# [Try it]
Below are entries. Reproduce exactly the lines between the line holding "A Pozsarevacsk harangtornyában" and the line holding "İbrahim Halil sınırı (Türkiye-İrak)", inclusive, and only those.

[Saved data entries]

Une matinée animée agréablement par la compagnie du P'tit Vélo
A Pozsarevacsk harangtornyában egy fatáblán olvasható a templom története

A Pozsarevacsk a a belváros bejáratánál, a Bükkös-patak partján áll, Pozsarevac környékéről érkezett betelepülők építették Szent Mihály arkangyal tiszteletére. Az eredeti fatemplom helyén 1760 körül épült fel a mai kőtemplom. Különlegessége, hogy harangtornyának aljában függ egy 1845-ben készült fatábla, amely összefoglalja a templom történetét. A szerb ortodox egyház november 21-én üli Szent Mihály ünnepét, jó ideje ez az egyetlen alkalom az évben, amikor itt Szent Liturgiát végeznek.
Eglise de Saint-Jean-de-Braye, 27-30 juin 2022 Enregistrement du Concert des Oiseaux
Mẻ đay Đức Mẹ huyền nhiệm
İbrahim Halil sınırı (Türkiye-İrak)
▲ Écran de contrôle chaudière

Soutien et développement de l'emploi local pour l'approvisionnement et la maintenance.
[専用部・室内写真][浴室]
--
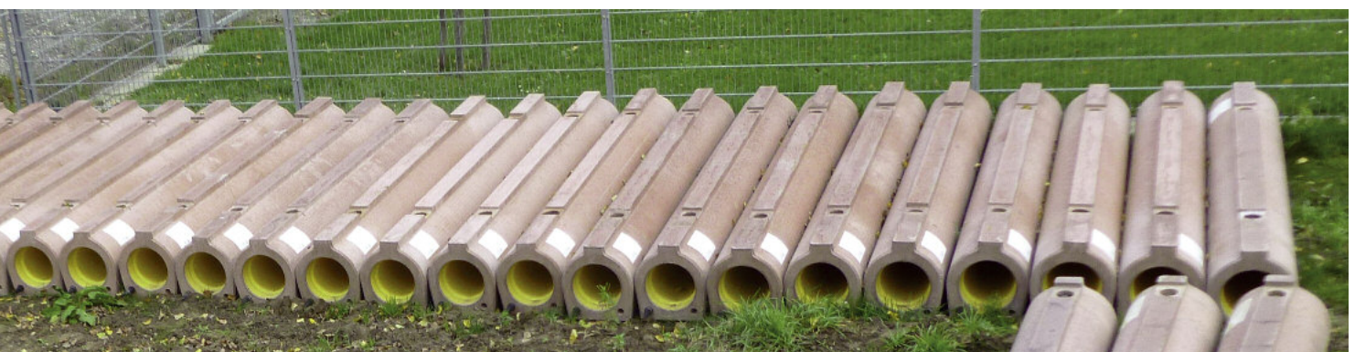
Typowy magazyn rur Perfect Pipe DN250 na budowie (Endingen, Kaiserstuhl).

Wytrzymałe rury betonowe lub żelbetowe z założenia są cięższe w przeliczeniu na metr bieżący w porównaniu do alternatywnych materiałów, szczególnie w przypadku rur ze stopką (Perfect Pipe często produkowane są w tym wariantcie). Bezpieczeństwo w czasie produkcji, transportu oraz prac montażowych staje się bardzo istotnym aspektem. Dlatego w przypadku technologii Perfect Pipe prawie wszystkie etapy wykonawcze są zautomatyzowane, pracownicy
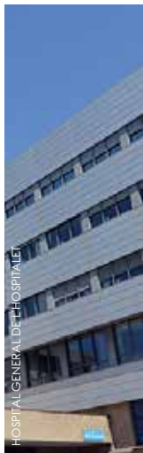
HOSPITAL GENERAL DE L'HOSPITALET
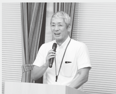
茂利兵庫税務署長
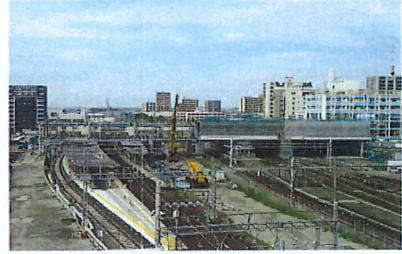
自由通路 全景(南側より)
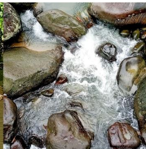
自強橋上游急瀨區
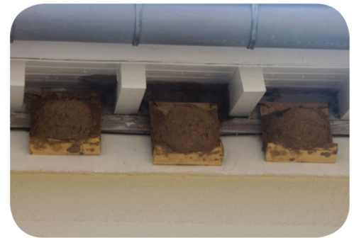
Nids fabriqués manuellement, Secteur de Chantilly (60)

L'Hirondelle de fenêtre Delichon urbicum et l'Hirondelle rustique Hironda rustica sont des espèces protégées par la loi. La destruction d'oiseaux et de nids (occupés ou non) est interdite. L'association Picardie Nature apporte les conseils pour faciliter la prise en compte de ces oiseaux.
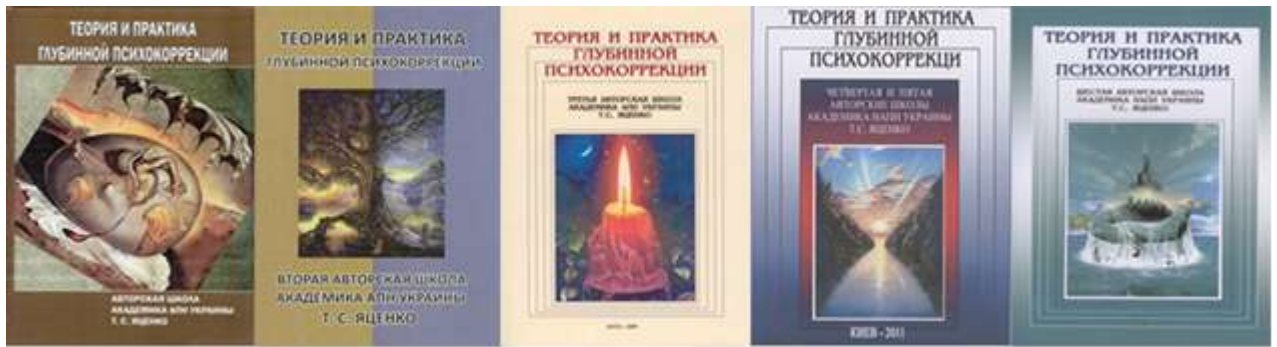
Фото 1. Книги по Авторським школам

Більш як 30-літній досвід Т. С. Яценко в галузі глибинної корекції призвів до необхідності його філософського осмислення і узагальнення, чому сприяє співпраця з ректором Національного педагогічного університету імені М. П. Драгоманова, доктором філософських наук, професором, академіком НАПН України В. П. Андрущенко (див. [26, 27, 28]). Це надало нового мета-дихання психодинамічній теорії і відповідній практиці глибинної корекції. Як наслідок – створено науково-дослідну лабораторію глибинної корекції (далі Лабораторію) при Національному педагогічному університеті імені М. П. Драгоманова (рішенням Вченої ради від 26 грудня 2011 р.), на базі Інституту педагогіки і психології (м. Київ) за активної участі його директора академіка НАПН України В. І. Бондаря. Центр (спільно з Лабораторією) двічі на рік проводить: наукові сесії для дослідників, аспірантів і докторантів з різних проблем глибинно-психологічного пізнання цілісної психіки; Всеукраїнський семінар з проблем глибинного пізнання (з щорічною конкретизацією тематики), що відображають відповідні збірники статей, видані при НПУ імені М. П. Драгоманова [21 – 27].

# [Answer to this problem]
A Pozsarevacsk harangtornyában egy fatáblán olvasható a templom története

A Pozsarevacsk a a belváros bejáratánál, a Bükkös-patak partján áll, Pozsarevac környékéről érkezett betelepülők építették Szent Mihály arkangyal tiszteletére. Az eredeti fatemplom helyén 1760 körül épült fel a mai kőtemplom. Különlegessége, hogy harangtornyának aljában függ egy 1845-ben készült fatábla, amely összefoglalja a templom történetét. A szerb ortodox egyház november 21-én üli Szent Mihály ünnepét, jó ideje ez az egyetlen alkalom az évben, amikor itt Szent Liturgiát végeznek.
Eglise de Saint-Jean-de-Braye, 27-30 juin 2022 Enregistrement du Concert des Oiseaux
Mẻ đay Đức Mẹ huyền nhiệm
İbrahim Halil sınırı (Türkiye-İrak)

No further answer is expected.